Happy to answer questions.

LTL_FTC a day ago
It sounds like you don’t need immediate llm responses and can batch process your data nightly? Have you considered running a local llm? May not need to pay for api calls. Today’s local models are quite good. I started off with cpu and even that was fine for my pipelines.
- ok_orco 14 hours ago |parent
  I haven't thought about that, but really want to dig in more now. Any places you recommend starting?
- kreetx a day ago |parent
  Though haven't done any extensive testing then I personally could easily get by with current local models. The only reason I don't is that the hosted ones all have free tiers.
- ydu1a2fovb 19 hours ago |parent
  Can you suggest any good llms for cpu?
  - R_D_Olivaw 17 hours ago |parent
    Following.
- queenkjuul a day ago |parent
  Agreed, I'm pretty amazed at what I'm able to do locally just with an AMD 6700XT and 32GB of RAM. It's slow, but if you've got all night...
toxic72 2 hours ago
consider this for addtl cost savings if local doesnt interest you - https://docs.cloud.google.com/vertex-ai/generative-ai/docs/m...
44za12 a day ago
This is the way. I actually mapped out the decision tree for this exact process and more here:
https://github.com/NehmeAILabs/llm-sanity-checks
- homeonthemtn 20 hours ago |parent
  That's interesting. Is there any kind of mapping to these respective models somewhere?
  - 44za12 19 hours ago |parent
    Yes, I included a 'Model Selection Cheat Sheet' in the README (scroll down a bit).
    I map them by task type:
    Tiny (<3B): Gemma 3 1B (could try 4B as well), Phi-4-mini (Good for classification). Small (8B-17B): Qwen 3 8B, Llama 4 Scout (Good for RAG/Extraction). Frontier: GPT-5, Llama 4 Maverick, GLM, Kimi
    Is that what you meant?
gandalfar a day ago
Consider using z.ai as model provider to further lower your costs.

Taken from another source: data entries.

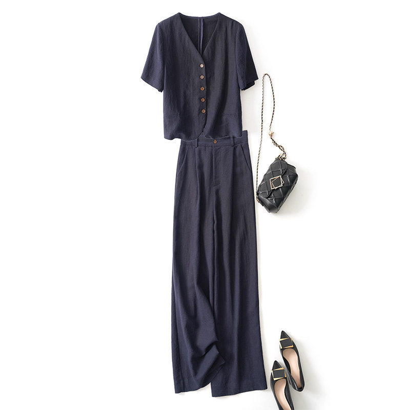 Дышащий пиджак классического кроя, костюм, штаны, комплект, легкий роскошный стиль, короткий рукав, высокая талия
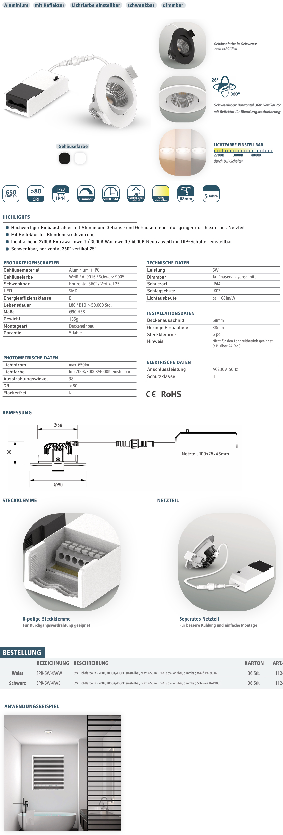 - Lichtfarbe in 2700K Extrawarmweiß / 3000K Warmweiß / 4000K Neutralweiß mit DIP-Schalter einstellbar
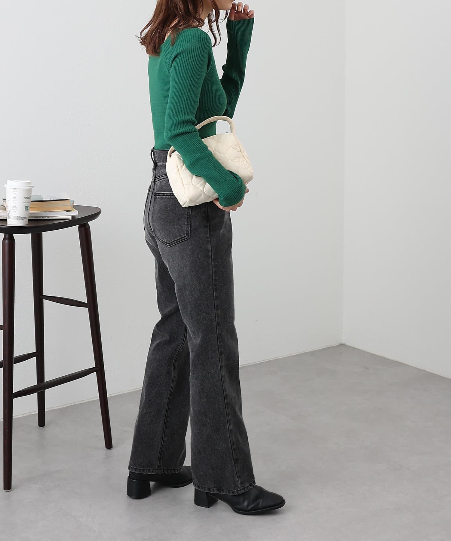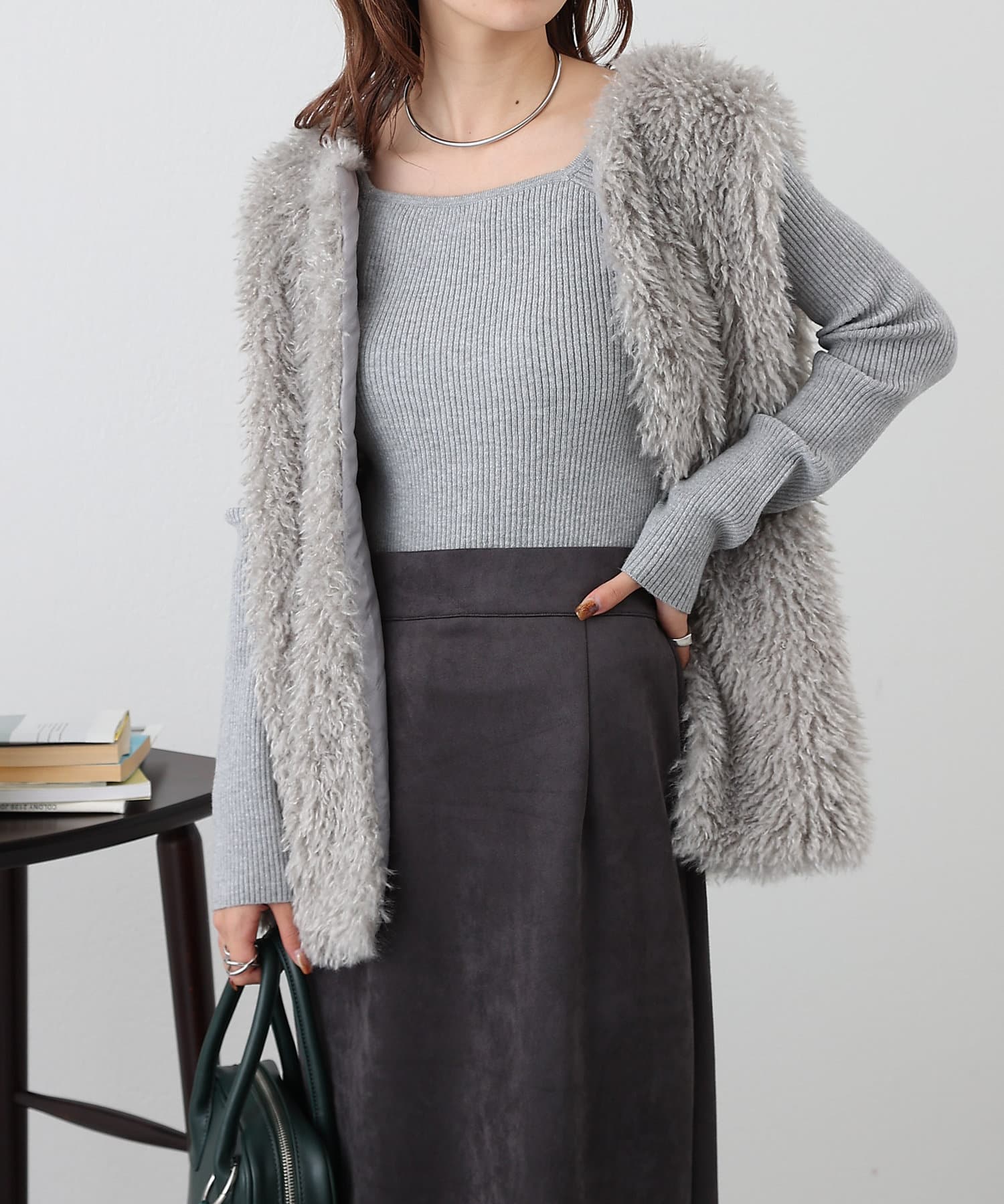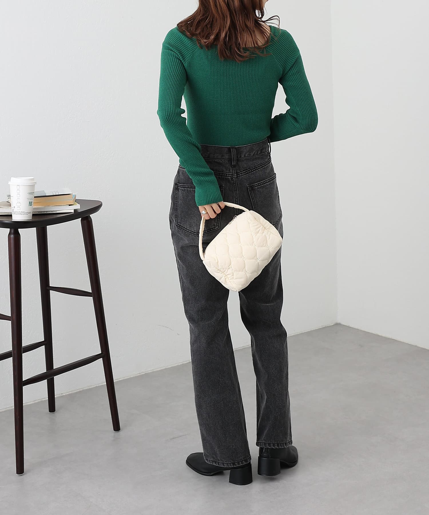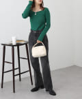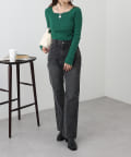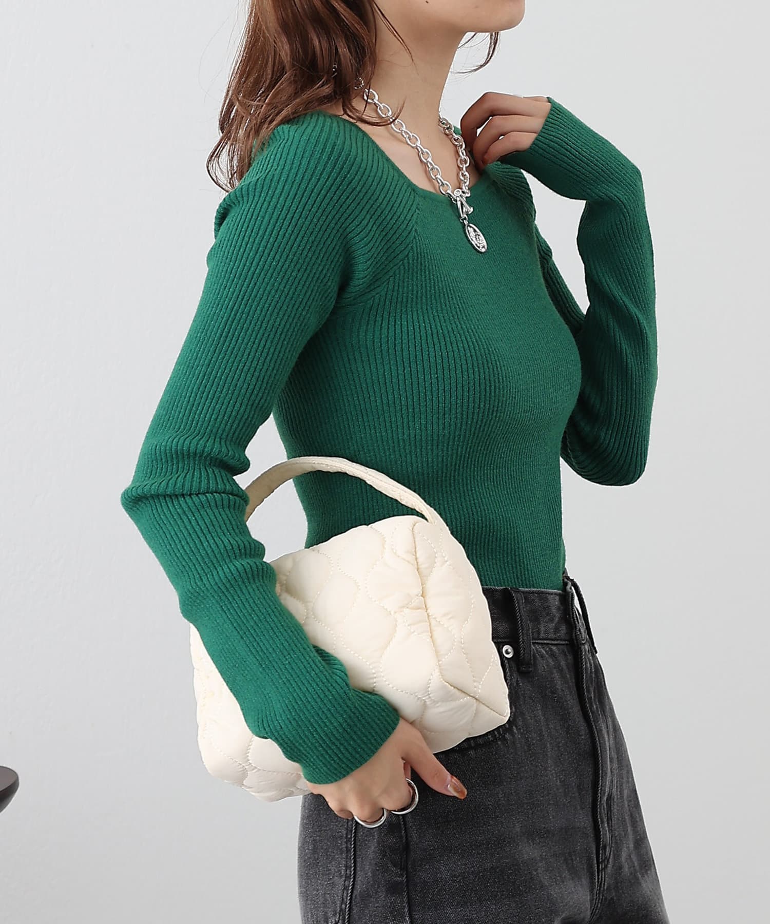 スクエアのネックはデコルテラインを綺麗に見せてくれて、インに着ても抜け感を生み出し、自然とフェミニンな印象をプラスしてくれます。

- tehlike a day ago |parent
  This is what i was going to suggest too.
- viraptor a day ago |parent
  Or minimax - m2.1 release didn't make a big splash in the news, but it's really capable.
- ok_orco 14 hours ago |parent
  Will take a look!
- DANmode a day ago |parent
  Do they or any other providers offer any improvements on the often-chronicled variability of quality/effort from the major two services e.g. during peak hours?
deepsummer a day ago
As much as I like the Claude models, they are expensive. I wouldn't use them to process large volumes of data. Gemini 2.5 Flash-Lite is $0.10 per million tokens. Grok 4.1 Fast is really good and only $0.20. They will work just as well for most simple tasks.
joshribakoff a day ago
Have you looked into https://maartengr.github.io/BERTopic/index.html ?
dezgeg a day ago
Are you also adding the proper prompt cache control attributes? I think Anthropic API still doesn't do it automatically
arthurcolle a day ago
Can you discuss a bit more of the architecture?
- ok_orco a day ago |parent
  Pretty straightforward. Sources dump into a queue throughout the day, regex filters the obvious junk ("lol", "thanks", bot messages never hit the LLM), then everything gets batched overnight through Anthropic's Batch API for classification. Feedback gets clustered against existing pain points or creates new ones.
  Most of the cost savings came from not sending stuff to the LLM that didn't need to go there, plus the batch API is half the price of real-time calls.
DeathArrow a day ago
You also can try to use cheaper models like GLM, Deepseek, Qwen,at least partially.